Understanding the pH scale is crucial for determining whether a solution is acidic, basic, or neutral. The pH is a logarithmic measure of the hydrogen ion concentration \( [H^+] \) in a solution. It is calculated using the formula \( pH = -\log[H^+] \). When \( [H^+] \) is known, as provided in our textbook exercise, you can easily compute the pH. For instance, if the hydrogen ion concentration is 0.0505 M, the pH is calculated as \( pH = -\log(0.0505) \), resulting in a pH less than 7, which indicates an acidic solution.

It's crucial for students to understand that a pH less than 7 is acidic, around 7 is neutral, and greater than 7 is basic. This corresponds inversely to the concentration of hydroxide ions \( [OH^-] \) in the solution, which can also be calculated using the relationship to the ion product of water. By mastering pH calculation, students can better comprehend the chemical properties of solutions and predict their behavior in various reactions.

Ion Product of Water

The ion product of water (\( K_w \) is a constant at a given temperature (25°C value of \( 1 \times 10^{-14} \) that represents the product of the molar concentrations of hydrogen \( [H^+] \) and hydroxide \( [OH^-] \) ions in water. The formula is stated as \( K_w = [H^+][OH^-] \).

This constant value allows us to solve for either ion's concentration when the other is known. In the exercise, students are shown how to manipulate this expression to find the hydroxide ion concentration given the hydrogen ion concentration. For example, if \( [H^+] = 2.5 \times 10^{-10} M \) we solve for \( [OH^-] \) by rearranging the equation to \( [OH^-] = \frac{K_w}{[H^+]} \), inserting the known values, and solving for \( [OH^-] \). This is a fundamental concept in acid-base chemistry and is essential for students to be able to shift between \( [H^+] \) and \( [OH^-] \) calculations.

Acidic and Basic Solutions

The nature of a solution, whether it is acidic or basic, is determined by its pH, which is in turn dependent on the relative concentrations of hydrogen \( [H^+] \) and hydroxide \( [OH^-] \) ions.

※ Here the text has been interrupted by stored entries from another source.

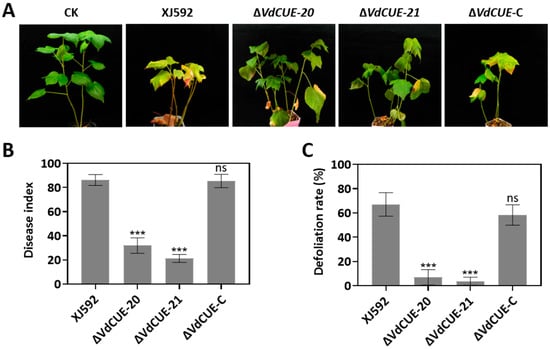 To investigate the role of VdCUE in the virulence of V. dahliae XJ592 and the leaf defoliation of inoculated cotton, conidia of XJ592, ΔVdCUE-20, ΔVdCUE-21, and ΔVdCUE-C were inoculated into two-leaf-stage susceptible cotton cultivar ‘Jimian 11’ via root-dip inoculation. Disease symptoms were assessed in cotton seedlings at 4 wpi. Cotton plants inoculated with XJ592 and ΔVdCUE-C showed typical Verticillium wilt symptoms, including leaf yellowing and wilting; in severely diseased plants, a significant proportion of leaves underwent defoliation. By contrast, cotton plants inoculated with ΔVdCUE-20 and ΔVdCUE-21 exhibited milder disease symptoms (Figure 2A and Figure S1A). Consistently, ΔVdCUE-20 and ΔVdCUE-21 caused significantly reduced disease index and defoliation rates on cotton plants compared with XJ592 and the complemented strain (Figure 2B,C and Figure S1B,C). These results indicate that VdCUE is critical for the virulence of XJ592.
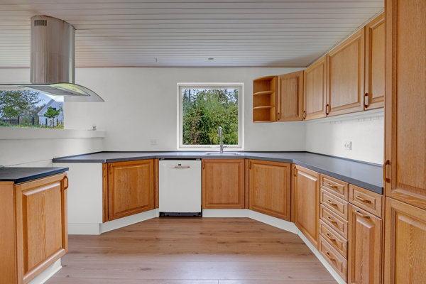Også indvendigt fremstår huset i pæn og velholdt stand, og indretningen er tidssvarende med køkken og stue samlet i et åbent rumforløb. Køkkenet er af ældre dato, men fremstår velholdt, og de solide træfronter er ikke uden charme. Foretrækker I mere moderne rammer, er det naturligvis et oplagt sted at opdatere. Rummet fungerer godt i samspil med alrummet, som har udgang til en terrasse mod vest. Helt perfekt i sommerhalvåret, hvor I nemt kan flytte aftensmåltidet ud under åben himmel.
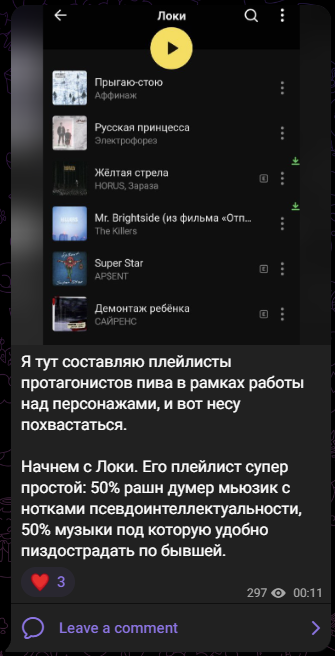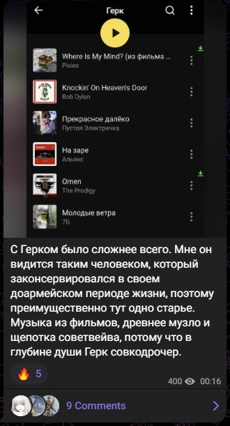 >>1221617 Да по такому случаю можно всем тредом составить базированные плейлисты ко всем героям Пива, а то по мнению автор_ки сценария, консерватóрский музыкант слушает песни с пик1. Пиздец просто.
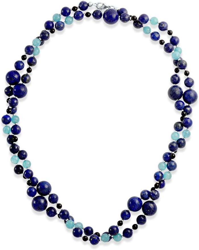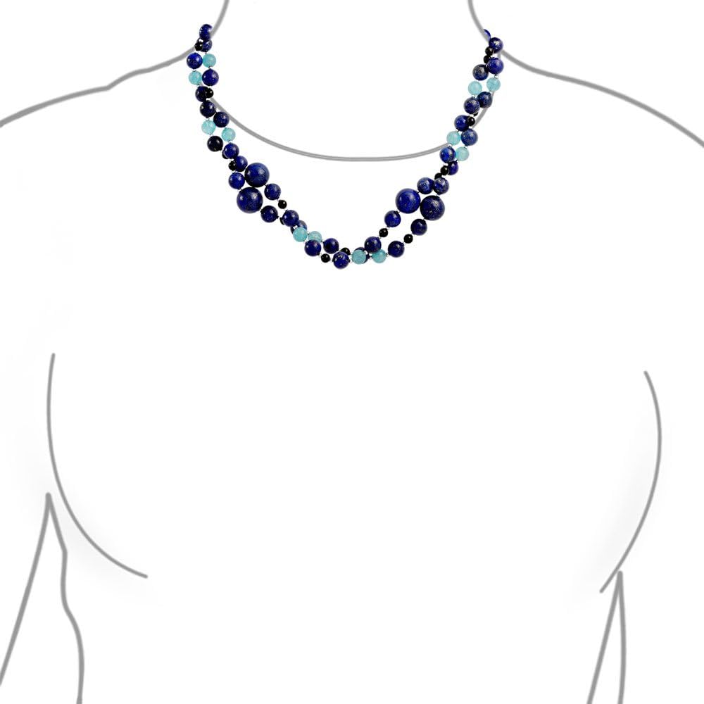 Measure: 40in x 0.5in Weight: 81.2 Grams Stone: 12, 4 and 6mm Material: Dyed Lapis, Dyed Blue Quartz, Dyed Onyx, Rhodium Plated Brass
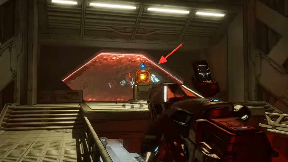 - Entrance: Shoot the visible power core on the left wall to drop the initial barrier.
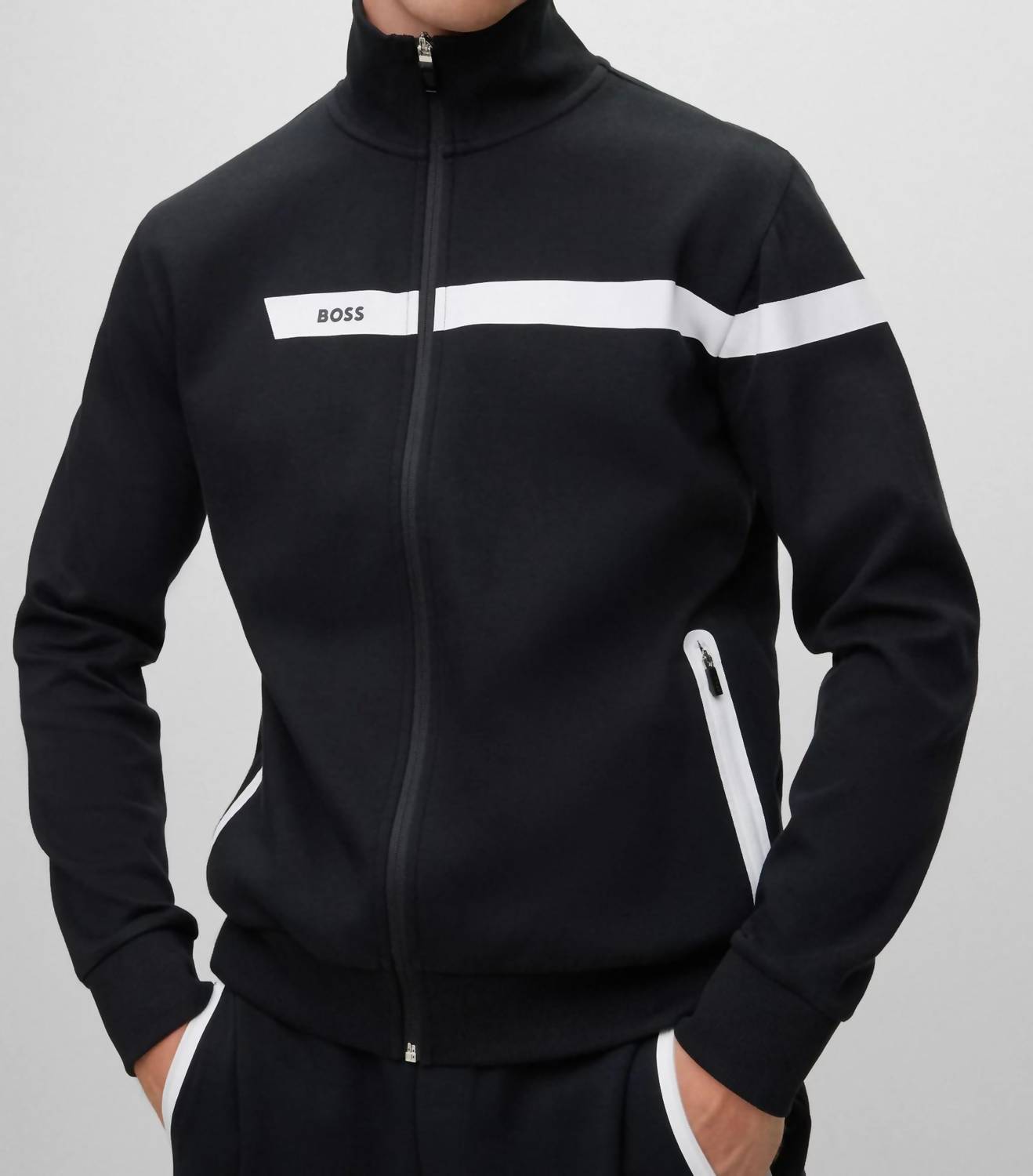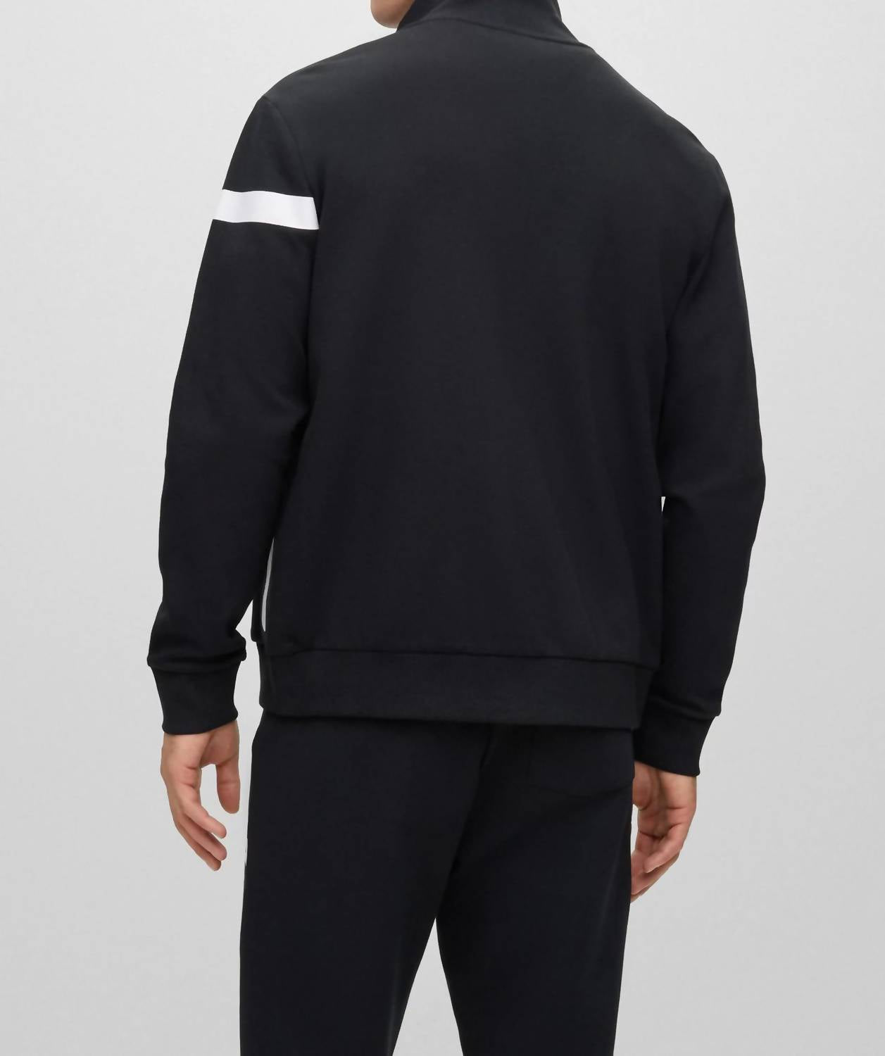 Discover the Skaz Sweatshirt by Hugo Boss, crafted with long sleeves and 100% cotton for ultimate comfort and style. This solid black men's sweatshirt features a mockneck design, complemented by a full zip closure and white trim for added sophistication. Originating from an imported collection, it includes functional pockets for convenience. For care, simply machine wash and lay flat to dry to maintain its pristine condition.

An acidic solution has a higher concentration of hydrogen ions than hydroxide ions \( [H^+] > [OH^-] \), while a basic solution has a lower concentration of hydrogen ions than hydroxide ions \( [H^+] < [OH^-] \). When the concentrations of \( [H^+] \) and \( [OH^-] \) are equal, the solution is neutral. In our textbook problem, the nature of the solution is deduced after calculating the \( [OH^-] \) concentration. For instance, in part a, after finding \( [OH^-] = 1.98 \times 10^{-13} \), since this value is less than the given \( [H^+] \), the solution is acidic. Conversely, in part b, where \( [OH^-] > [H^+] \) the solution is basic.

It is important for students to connect the pH and \( [OH^-] \)-concentration calculations with the concept of acidity and basicity to develop a holistic understanding of chemical solutions.